Algún día, presenciaría a este Homo sapiens siendo pisoteado y suplicando clemencia.

¡¡Cuando llegara ese momento, le devolvería la humillación multiplicada por cien!!

Entonces,

abrió los ojos con fiereza y miró fijamente a Chen Sheng.

—De acuerdo.

Accedió con simpleza.

Al recibir una respuesta afirmativa,

Chen Sheng asintió con aprobación.

Su figura saltó por los aires, dibujando un elegante arco en el cielo.

El punto de aterrizaje fue el valle donde habían tenido lugar las batallas anteriores.

Chen Sheng no tardó en encontrar a Li Wuji.

Estaba atendiendo a los soldados que Yi había convertido en árboles humanos gigantes.

Aunque la mayor parte del equipo militar había sido destruida antes,

estos soldados llevaban consigo gasas y medicinas básicas que ahora resultaban útiles.

—¿Cuál es la situación?

Chen Sheng se acercó en silencio por detrás de Li Wuji.

—Gracias a ti.

»Si no hubieras llegado tan a tiempo, me temo que estos soldados habrían muerto si la situación se hubiera alargado un poco más.

Li Wuji se levantó lentamente, con una sonrisa de alivio en el rostro.

—Pero ahora, al menos podremos salvar a más de la mitad.

»Chen Sheng…

Abrió la boca como si quisiera decir algo.

Sin embargo,

a Li Wuji no se le ocurría qué podía hacer o decir para expresar su gratitud a Chen Sheng.

Quizá cuando la fuerza de Chen Sheng aún no había alcanzado su nivel actual, el poder de la Asociación de Artes Marciales podría haberle ofrecido algo de ayuda.

Pero ahora,

¿qué podía hacer él?

¿Qué podía hacer la Asociación de Artes Marciales?

Ya sería un logro si no se convertían en un lastre para Chen Sheng.

—No te preocupes.

»No podía quedarme de brazos cruzados viendo cómo moría la gente.

»Además, no suponía ningún riesgo.

Chen Sheng pareció adivinar los pensamientos de Li Wuji.

Se limitó a reír, le dio una palmada en el hombro a Li Wuji y cambió de tema.
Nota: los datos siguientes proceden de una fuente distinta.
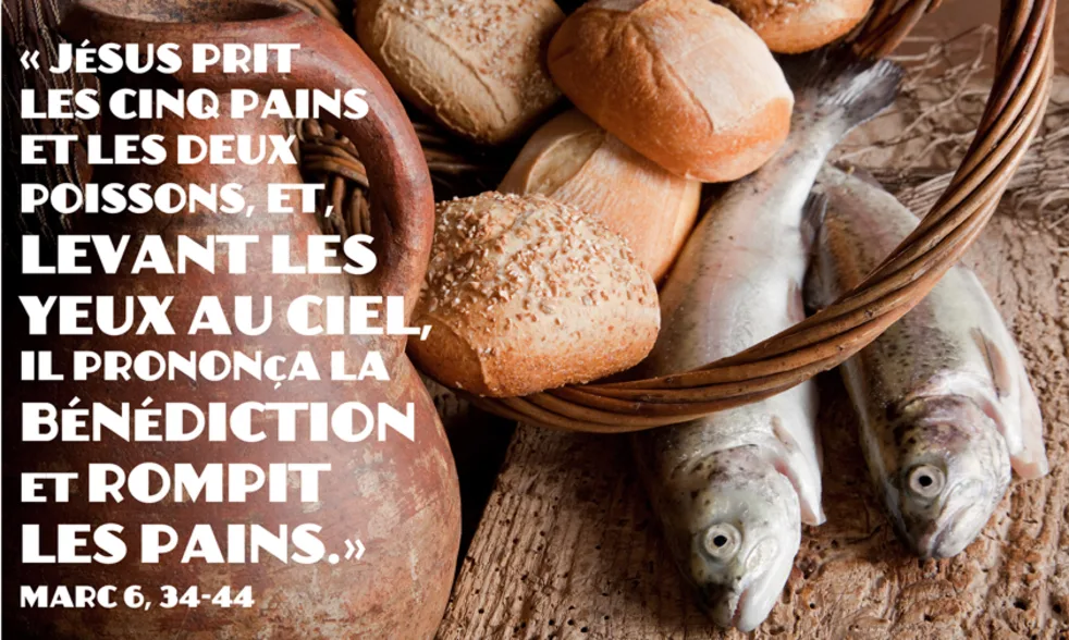 Il leur ordonna de les faire tous asseoir par groupes sur l’herbe verte. Ils se disposèrent par carrés de cent et de cinquante. Jésus prit les cinq pains et les deux poissons, et, levant les yeux au ciel, il prononça la bénédiction et rompit les pains ; il les donnait aux disciples pour qu’ils les distribuent à la foule. (Mc 6, 34-44)

Recogió el saco de piel de serpiente que estaba a los pies de Li Wuji y abrió la cremallera.

¡¡¡

Al ver la escena dentro del saco de piel de serpiente,

los ojos de Yi se abrieron como platos.

«¿Qué es lo que estoy viendo?»

«¿No son estos mis compañeros?»

Un minuto antes,

todavía estaba pensando en reunir a sus compañeros para luchar juntos.

En ese momento, Yi no había prestado atención a nada que no fuera Chen Sheng, ni había notado el olor a sangre de los de su propia especie.

No fue hasta ese momento

que los recuerdos que había ignorado antes emergieron de repente.

Después de todo, se estaba enfrentando a…

—Este es el último.

Pero Chen Sheng no le prestó atención.

Lo arrojó dentro,

y cerró la cremallera del saco.

Todo en un solo movimiento.

Como si no estuviera lanzando una cabeza, sino un balón de baloncesto.

—¿Cuándo podemos volver a Kioto?

Miró a los soldados heridos a su alrededor.

Esa poca Gente Celestial no era importante.

Lo importante era

por qué la anteriormente débil Tercera generación de Gente Celestial,

tenía mucho más poder que la Segunda generación de Gente Celestial tras desaparecer durante un corto periodo de tiempo.

¿Adónde habían ido?

¿Qué habían hecho?

Por alguna razón,

Chen Sheng tenía la sensación de que todo esto tenía que ver con el extraño sueño que había tenido.

El Núcleo del Mundo.

Quizá ese nombre fuera crucial.

En ese momento,

solo quería obtener la información que deseaba de esa Gente Celestial lo antes posible.

—Pronto.

En respuesta a la pregunta de Chen Sheng,

Li Wuji respondió sin dudarlo.

—Ya he avisado para que vengan a recoger a los heridos.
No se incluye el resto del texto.